### Source records
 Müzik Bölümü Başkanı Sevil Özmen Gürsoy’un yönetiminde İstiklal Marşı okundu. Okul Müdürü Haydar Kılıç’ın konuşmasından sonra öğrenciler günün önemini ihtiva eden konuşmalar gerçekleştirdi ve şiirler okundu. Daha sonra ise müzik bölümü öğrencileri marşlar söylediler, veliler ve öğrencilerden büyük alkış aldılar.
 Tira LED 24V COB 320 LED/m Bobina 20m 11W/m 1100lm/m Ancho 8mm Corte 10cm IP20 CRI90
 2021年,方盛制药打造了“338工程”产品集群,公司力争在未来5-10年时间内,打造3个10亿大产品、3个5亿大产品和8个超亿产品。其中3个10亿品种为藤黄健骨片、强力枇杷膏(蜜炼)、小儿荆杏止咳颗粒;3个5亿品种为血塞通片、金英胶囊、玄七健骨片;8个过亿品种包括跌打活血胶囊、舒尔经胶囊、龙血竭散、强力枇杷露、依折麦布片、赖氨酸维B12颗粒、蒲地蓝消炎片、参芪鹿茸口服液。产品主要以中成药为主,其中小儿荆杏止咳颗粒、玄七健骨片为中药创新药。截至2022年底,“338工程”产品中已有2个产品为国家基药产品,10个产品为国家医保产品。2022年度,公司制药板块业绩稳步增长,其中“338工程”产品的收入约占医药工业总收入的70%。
...
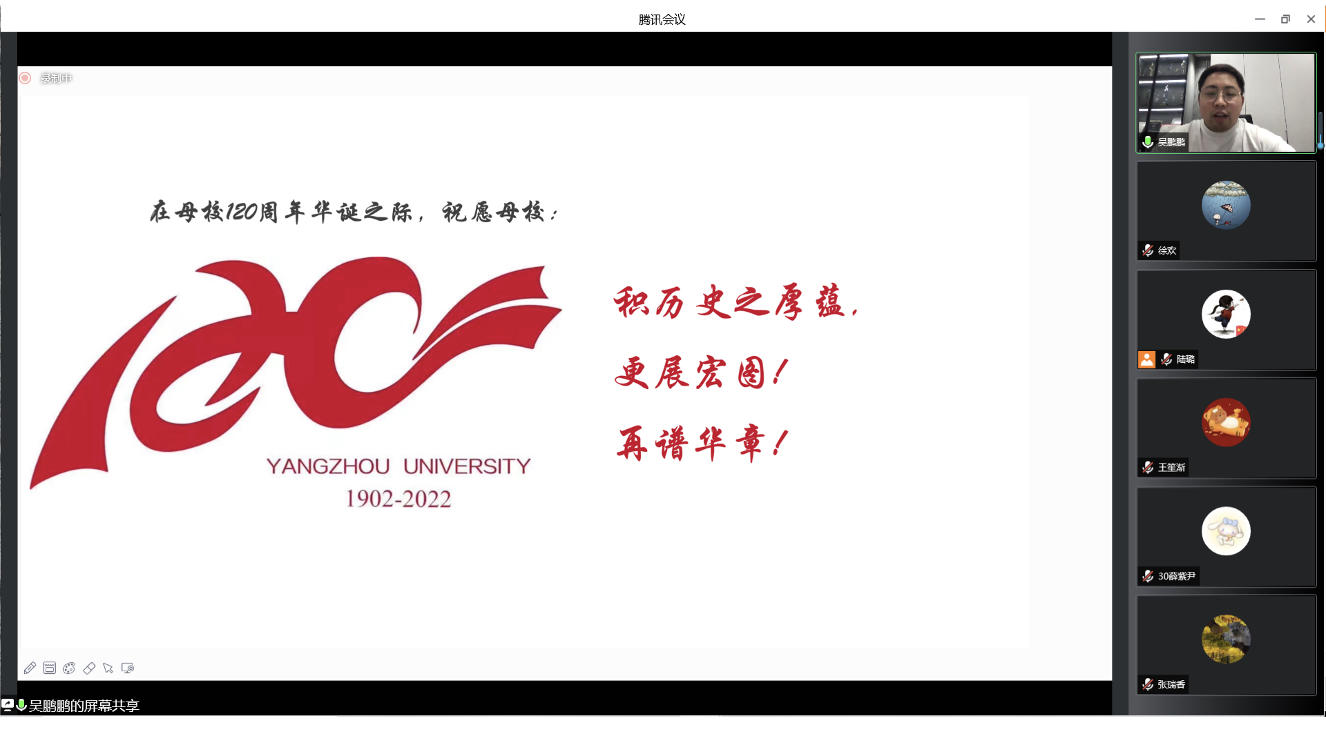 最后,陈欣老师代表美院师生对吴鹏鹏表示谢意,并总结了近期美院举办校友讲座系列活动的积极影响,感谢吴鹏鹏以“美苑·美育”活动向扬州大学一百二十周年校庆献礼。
...
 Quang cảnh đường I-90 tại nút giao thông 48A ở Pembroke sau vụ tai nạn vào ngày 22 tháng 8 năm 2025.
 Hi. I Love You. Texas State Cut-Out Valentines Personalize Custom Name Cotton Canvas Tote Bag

### Work instruction
Would you please write out, exactly and with no other lines, the stretch of the listing above from the line containing "Quang cảnh đường" through the line containing "Hi. I Love You."?

### Finished exercise
 Quang cảnh đường I-90 tại nút giao thông 48A ở Pembroke sau vụ tai nạn vào ngày 22 tháng 8 năm 2025.
 Hi. I Love You. Texas State Cut-Out Valentines Personalize Custom Name Cotton Canvas Tote Bag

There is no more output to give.